Kiedy jesteś gwiazdorem, one ci na to pozwalają. Czy celebrytom naprawdę wszystko wolno? Poznaj bulwersujące historie "artystów" oskarżanych o najgorsze nadużycia seksualne. I całkowicie bezkarnych.
W 1977 roku, w ciągu jednej nocy, z jednego z najbardziej pożądanych hollywoodzkich reżyserów Roman Polański stał się… sławnym gwałcicielem. O wymuszenie stosunku seksualnego oskarżyła go 13-letnia Samantha Gailey.
Dziewczyna, zwykła amerykańska nastolatka, marzyła o karierze modelki. Polański zaproponował jej sesję zdjęciową do magazynu „Vogue Hommes”. Zdjęcia odbywały się w posiadłości Jacka Nicholsona w Los Angeles. Polański fotografował Samanthę między innymi przy basenie i w jacuzzi. Pracowali do zachodu słońca, a potem doszło między nimi do zbliżenia.

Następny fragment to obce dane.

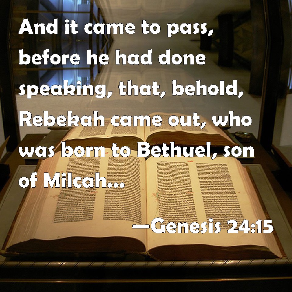 Choose a Background Genesis 24:15 And it came to pass, before he had done speaking, that, behold, Rebekah came out, who was born to Bethuel, son of Milcah, the wife of Nahor, Abraham's brother, with her pitcher on her shoulder. KJV: And it came to pass, before he had done speaking, that, behold, Rebekah came out, who was born to Bethuel, son of Milcah, the wife of Nahor, Abraham's brother, with her pitcher upon her shoulder. DRB: he had not yet ended these words within himself, and behold Rebecca came out, the daughter of Bathuel, son of Melcha, wife to Nachor the brother of Abraham, having a pitcher on her shoulder: DBT: And it came to pass before he had ended speaking, that behold, Rebecca came out, who was born to Bethuel, son of Milcah the wife of Nahor, Abraham's brother; and she had her pitcher upon her shoulder. ERV: And it came to pass, before he had done speaking, that, behold, Rebekah came out, who was born to Bethuel the son of Milcah, the wife of Nahor, Abraham's brother, with her pitcher upon her shoulder. WBT: And it came to pass before he had done speaking, that behold, Rebekah came out, who was born to Bethuel son of Milcah, the wife of Nahor, Abraham's brother, with her pitcher upon her shoulder. WEB: It happened, before he had finished speaking, that behold, Rebekah came out, who was born to Bethuel the son of Milcah, the wife of Nahor, Abraham's brother, with her pitcher on her shoulder. YLT: And it cometh to pass, before he hath finished speaking, that lo, Rebekah (who was born to Bethuel, son of Milcah, wife of Nahor, brother of Abraham) is coming out, and her pitcher on her shoulder,Links Genesis 24:15 NIV • Genesis 24:15 NLT • Genesis 24:15 ESV • Genesis 24:15 NASB • Genesis 24:15 KJV • Genesis 24:15 Interlinear • Genesis 24:15 Commentaries • Genesis 24:15 Parallel Texts • Genesis 24:15 Bible Apps • Genesis 24:15 Parallel • Bible Hub |

Zamieszanie gorsze niż gwałt
Geimer do dziś twierdzi, że została zgwałcona. Co na to Polański? W wydanej niedawno autobiografii „Roman by Polański” reżyser nazywa całą sprawę „chwilą beztroskiego zapomnienia”, przez którą mógł trafić na wiele lat za kratki. Musiał też opuścić kraj, w którym odniósł wielki sukces. „Nie widziałem żadnego związku między tym, co wydarzyło się poprzedniego dnia, a gwałtem” – pisze, wracając pamięcią do dnia, gdy został aresztowany.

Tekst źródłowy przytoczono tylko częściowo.